In the data obfuscation method provided by this embodiment, by acquiring a data obfuscation request sent by a client and at least one piece of to-be-processed data, at least a part of the at least one piece of to-be-processed data is encrypted; then, according to the data obfuscation request, obfuscating at least one piece of data to be processed, and sending the obtained at least one piece of target data and the obtained data operation information to a client, so that the data can be encrypted under the condition that plaintext information of the data is not obtained, the condition that data is leaked or stolen in the process of encrypting the data is effectively avoided, and the safety and reliability of data use are guaranteed; in addition, when the data after being encrypted is deployed on other clients, the data can be effectively protected, the difficulty of stealing the data is increased, the safety and reliability of data use are ensured, the practicability of the method is further improved, and the method is favorable for popularization and application in the market.

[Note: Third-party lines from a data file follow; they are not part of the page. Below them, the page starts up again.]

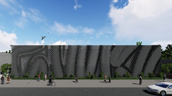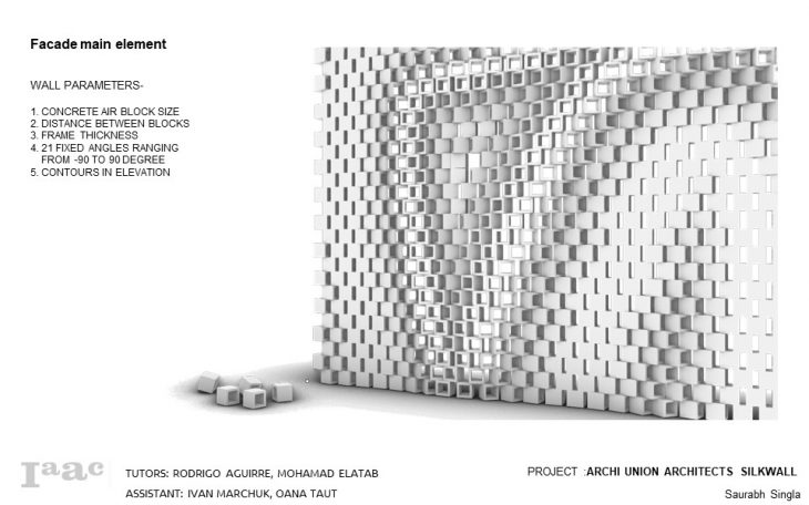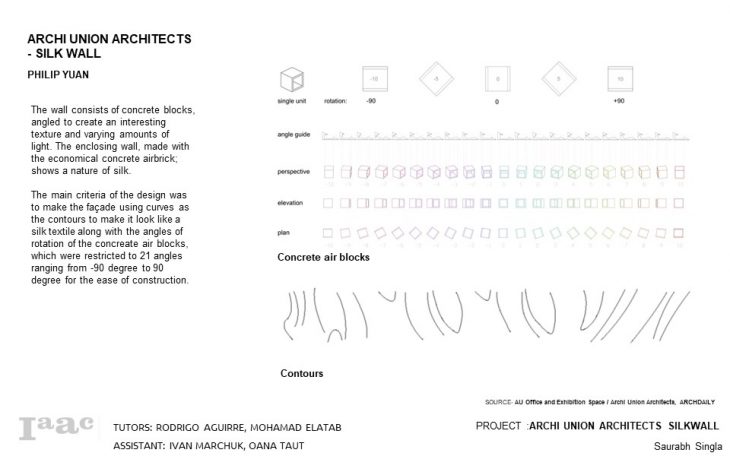 The project is an old warehouse on Jungong Road, Shanghai and was originally used to store fabrics. The external parametric wall of the warehouse encloses the building on three sides. Parametric processes have been used here to superimpose the contours and definition of silk undulating in the wind – a sign of its past. The wall consists of concrete blocks, angled to create an interesting texture and varying amounts of light. The enclosing wall, made with the economical concrete airbrick; shows the nature of silk.
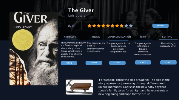 For symbol I chose the sled or Gabriel. The sled in the story represents journeying through different and unique memories. Gabriel is the new baby boy that Jonas’s family cares for at night and he represents a new beginning and hope for the future.
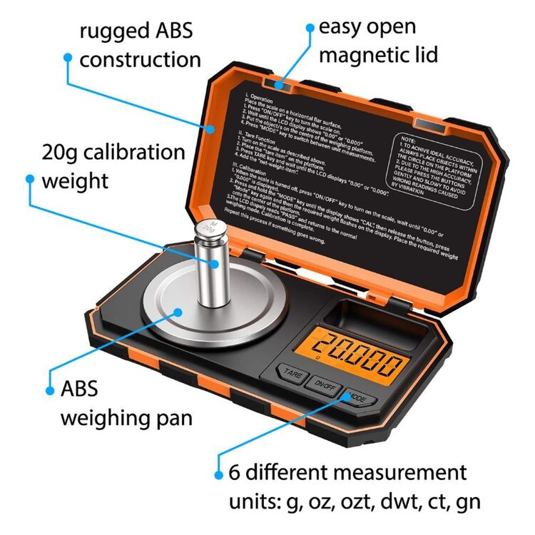 - Compact, lightweight and portable pocket scale perfect for prospecting
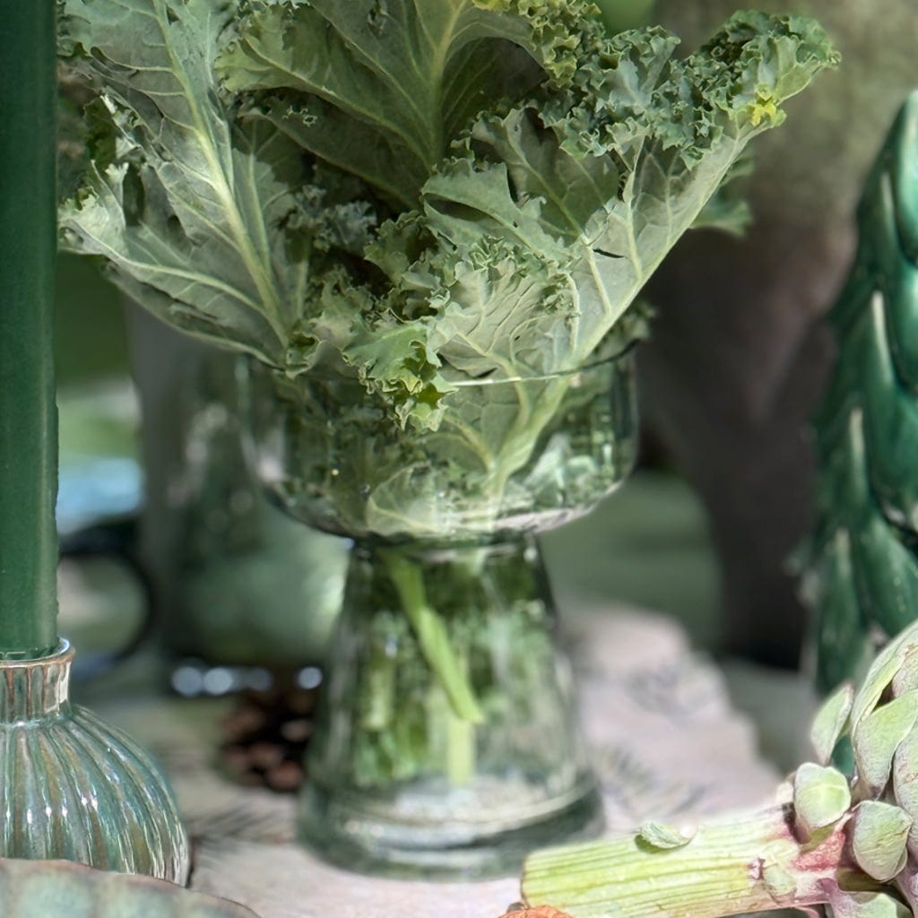 Sklenená váza Ami predstavuje štýlový doplnok pre kvetinovú dekoráciu. Jej kalichovitý dizajn nechá vyniknúť čerstvé aj sušené kytice. Vďaka jemnému zelenému odtieňu sa výborne hodí k prírodným aranžmánom.
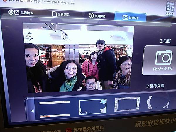 在前往登機門的路上,還不忘利用機場免稅店的設備拍張全家大頭貼,留下第一張大合照...可俏皮呢~
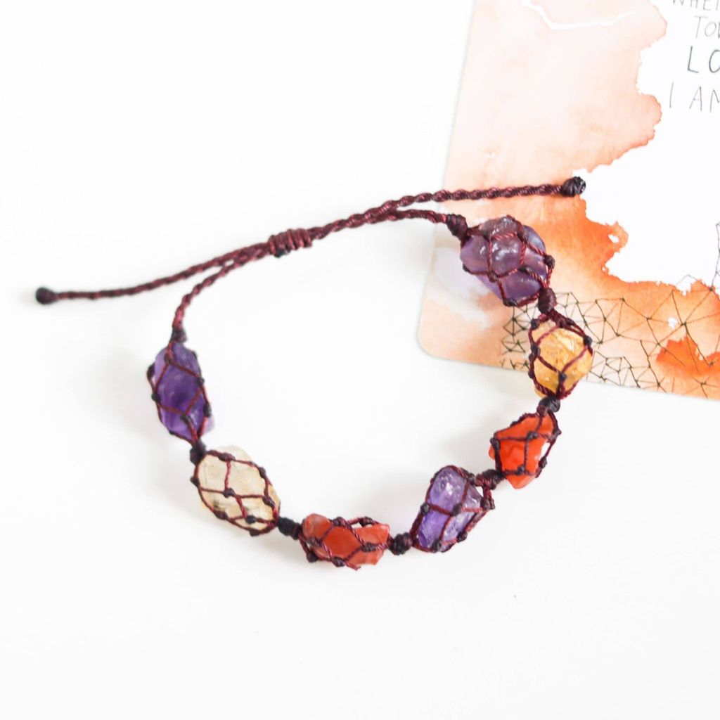 - Vòng tay mệnh thổ với 100% đá thô tự nhiên được làm làm thủ công bởi Crystals Macrame. Từ thạch anh tím, thạch anh vàng và carnelian.
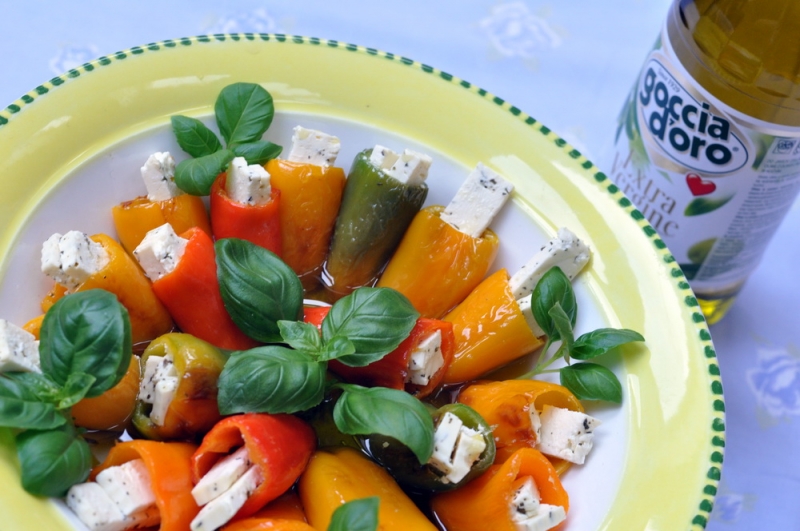Papryczki nadziewane serem feta w oliwie Extra Vergine Goccia d’oro.

Fig. 3 is a flowchart illustrating obfuscating at least one to-be-processed data according to a data obfuscating request to obtain at least one target data and data operation information corresponding to the at least one to-be-processed data according to an embodiment of the present invention; based on the foregoing embodiment, with reference to fig. 3, a specific implementation manner of performing obfuscation processing on at least one to-be-processed data according to a data obfuscation request is not limited in this embodiment, and a person skilled in the art may set the implementation manner according to specific application requirements and design requirements, and preferably, performing obfuscation processing on at least one to-be-processed data according to a data obfuscation request in this embodiment to obtain at least one target data and data operation information corresponding to at least one to-be-processed data may include:

s201: in each data to be processed, at least one operation node corresponding to the data obfuscation request is determined.

After the to-be-processed data is acquired, the to-be-processed data can be analyzed, so that at least one operation node corresponding to the data obfuscation request can be determined, that is, the operation node is an operation node which needs to be encrypted. It can be understood that the data to be processed includes a plurality of operation nodes, for the operation nodes, the operation nodes may be divided into operation nodes that need to be encrypted and operation nodes that do not need to be encrypted according to design requirements and application requirements, and at this time, in order to improve quality and efficiency of data processing, at least one operation node that performs encryption processing corresponding to the data to be processed may be determined, so as to perform encryption operation on the determined operation node, thereby implementing obfuscation processing on the data to be processed. Specifically, when at least one operation node is determined, all operation nodes included in the data to be processed may be obtained first; traversing all the operation nodes according to preset configuration parameters, and determining at least one operation node corresponding to the data to be processed, wherein the preset configuration parameters correspond to the operation nodes to be protected in the data to be processed; the method has the advantages that all the operation nodes included in the data to be processed are obtained, all the operation nodes are traversed according to the preset configuration parameters, and at least one operation node corresponding to the data to be processed is determined, so that the method is simple and reliable in implementation mode, high in data processing efficiency, accurate and reliable in determining the operation nodes, and the safety and reliability of the method are effectively improved.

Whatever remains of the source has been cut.